The amount that people interact with AI is continuously growing. From chatbots that can answer whatever question you ask to self-driving cars to image classifiers that tell you if your medical scans show evidence of cancer — there are few regions of life that are likely to remain unchanged by the advance of AI. In many ways, this makes it just the same as millions of technologies that have come before it, but AI still manages to remain unique in its ability to lie.
We don’t always know why AI gets things wrong. Its ability to hallucinate is well documented but without a comprehensive solution. We can mitigate against it through various assurance processes and treating results with appropriate suspicion, but even doing that becomes difficult when AI can’t always be trusted to give accurate confidences for predictions it makes.
When an AI system produces any sort of classification or label, it usually does so with an associated confidence score. If an object detection model is shown an image of a stop sign, it may say that it is 90% confident that it can see a stop sign. If a sentiment analysis model is shown a product review, it may identify it as having positive sentiment with 60% confidence. Due to the fact that when a model is assessed, it is usually its accuracy (whether or not predictions are correct) which is cited over the truthfulness of its confidence scores, models can end up seeming as though they will perform well while still being woefully miscalibrated.
Within the context of AI systems which produce classifications with confidence scores, calibration is defined as the extent to which those confidence scores are representative of accuracy. For example, if predictions have been made with 100% confidence you would expect them to all be correct, while if predictions have been made with 50% confidence, you would expect for half of them to be correct. A model which fulfills this criteria is a well calibrated model, while a model which produces confidence scores that are not representative of accuracy is a badly calibrated model.

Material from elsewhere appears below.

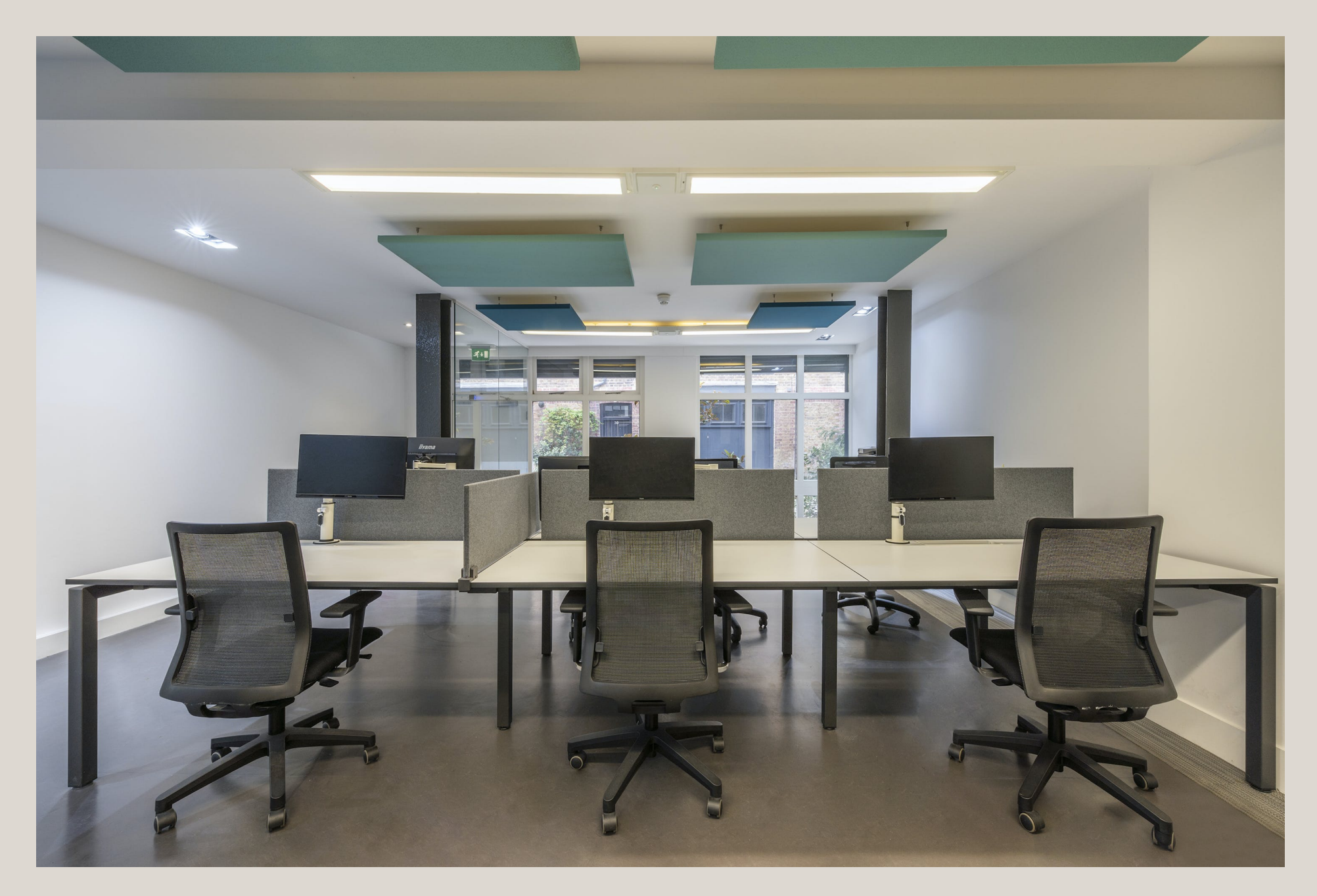
6 Brownlow Mews

There is a simple way to resolve the common issue of badly calibrated AI; measuring and improving calibration as its own quantity rather than as a by-product of loss function optimisation. Methods for improvement can range from restructuring the neural architecture of a network to slapping an extra layer on the end that squishes confidence scores closer to a mean value. While it can become challenging to figure out what sort of method is appropriate for a given use case, the range of different methods means that there are few situations in which nothing will be applicable. In using these methods, while AI may still produce incorrect results, we gain an accurate picture of how much trust we should have in a given output.
AI might still lie but at least it will tell us when it does.